NumPy/SciPy-compatible API in CuPy v14 is based on NumPy 2.0 and SciPy 1.13, and has been tested against the following versions:

Note

SciPy and Optuna are optional dependencies and will not be installed automatically.

Note

Before installing CuPy, we recommend you to upgrade setuptools and pip:

$ python -m pip install -U setuptools pip

Additional CUDA Libraries#

Part of the CUDA features in CuPy will be activated only when the corresponding libraries are installed.

  • cuTENSOR: v2.0

  • NCCL: v2.16 / v2.17

    • The library to perform collective multi-GPU / multi-node computations.

  • cuDNN: v8.8

    • The library to accelerate deep neural network computations.

  • cuSPARSELt: v0.6.0 / v0.6.1

    • The library to accelerate sparse matrix-matrix multiplication.

Installing CuPy#

Installing CuPy from PyPI#

Wheels (precompiled binary packages) are available for Linux and Windows. Package names are different depending on your CUDA Toolkit version.

CUDA

Command

v11.2 ~ 11.8 (x86_64 / aarch64)

pip install cupy-cuda11x

v12.x (x86_64 / aarch64)

pip install cupy-cuda12x

Note

To enable features provided by additional CUDA libraries (cuTENSOR / NCCL / cuDNN), you need to install them manually. If you installed CuPy via wheels, you can use the installer command below to setup these libraries in case you don’t have a previous installation:

$ python -m cupyx.tools.install_library --cuda 11.x --library cutensor

Note

Append --pre -U -f https://pip.cupy.dev/pre options to install pre-releases (e.g., pip install cupy-cuda11x --pre -U -f https://pip.cupy.dev/pre).

When using wheels, please be careful not to install multiple CuPy packages at the same time. Any of these packages and cupy package (source installation) conflict with each other. Please make sure that only one CuPy package (cupy or cupy-cudaXX where XX is a CUDA version) is installed:

$ pip freeze | grep cupy

Installing CuPy from Conda-Forge#

Conda is a cross-language, cross-platform package management solution widely used in scientific computing and other fields. The above pip install instruction is compatible with conda environments. Alternatively, for both Linux (x86_64, ppc64le, aarch64-sbsa) and Windows once the CUDA driver is correctly set up, you can also install CuPy from the conda-forge channel:

$ conda install -c conda-forge cupy

and conda will install a pre-built CuPy binary package for you, along with the CUDA runtime libraries (cudatoolkit for CUDA 11 and below, or cuda-XXXXX for CUDA 12 and above). It is not necessary to install CUDA Toolkit in advance.

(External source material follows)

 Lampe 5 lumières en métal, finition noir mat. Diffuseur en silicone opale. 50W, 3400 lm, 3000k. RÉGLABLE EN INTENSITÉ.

If you aim at minimizing the installation footprint, you can install the cupy-core package:

$ conda install -c conda-forge cupy-core

which only depends on numpy. None of the CUDA libraries will be installed this way, and it is your responsibility to install the needed dependencies yourself, either from conda-forge or elsewhere. This is equivalent of the cupy-cudaXX wheel installation.

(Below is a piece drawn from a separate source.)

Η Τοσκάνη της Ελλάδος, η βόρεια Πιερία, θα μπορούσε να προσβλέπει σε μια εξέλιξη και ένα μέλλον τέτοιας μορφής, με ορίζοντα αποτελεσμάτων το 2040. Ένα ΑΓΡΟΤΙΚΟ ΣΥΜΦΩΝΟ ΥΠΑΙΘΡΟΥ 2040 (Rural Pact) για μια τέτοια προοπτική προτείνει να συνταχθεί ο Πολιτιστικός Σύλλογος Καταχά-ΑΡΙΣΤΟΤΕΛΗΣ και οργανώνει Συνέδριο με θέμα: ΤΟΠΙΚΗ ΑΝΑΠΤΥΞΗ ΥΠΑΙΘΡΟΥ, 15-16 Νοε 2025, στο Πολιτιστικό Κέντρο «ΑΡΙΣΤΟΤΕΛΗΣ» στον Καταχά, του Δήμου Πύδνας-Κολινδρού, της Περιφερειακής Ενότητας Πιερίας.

Conda has a built-in mechanism to determine and install the latest version of cudatoolkit or any other CUDA components supported by your driver. However, if for any reason you need to force-install a particular CUDA version (say 11.8), you can do:

$ conda install -c conda-forge cupy cuda-version=11.8

Note

cuDNN, cuTENSOR, and NCCL are available on conda-forge as optional dependencies. The following command can install them all at once:

$ conda install -c conda-forge cupy cudnn cutensor nccl

Each of them can also be installed separately as needed.

Note

If you encounter any problem with CuPy installed from conda-forge, please feel free to report to cupy-feedstock, and we will help investigate if it is just a packaging issue in conda-forge’s recipe or a real issue in CuPy.

Note

If you did not install CUDA Toolkit by yourself, for CUDA 11 and below the nvcc compiler might not be available, as the cudatoolkit package from conda-forge does not include the nvcc compiler toolchain. If you would like to use it from a local CUDA installation, you need to make sure the version of CUDA Toolkit matches that of cudatoolkit to avoid surprises. For CUDA 12 and above, nvcc can be installed on a per-conda environment basis via

$ conda install -c conda-forge cuda-nvcc

Installing CuPy from Source#

Use of wheel packages is recommended whenever possible. However, if wheels cannot meet your requirements (e.g., you are running non-Linux environment or want to use a version of CUDA / cuDNN / NCCL not supported by wheels), you can also build CuPy from source.

Note

CuPy source build requires g++-6 or later. For Ubuntu 18.04, run apt-get install g++. For Ubuntu 16.04, CentOS 6 or 7, follow the instructions here.

Note

When installing CuPy from source, features provided by additional CUDA libraries will be disabled if these libraries are not available at the build time. See Installing cuDNN and NCCL for the instructions.

Note

If you upgrade or downgrade the version of CUDA Toolkit, cuDNN, NCCL or cuTENSOR, you may need to reinstall CuPy. See Reinstalling CuPy for details.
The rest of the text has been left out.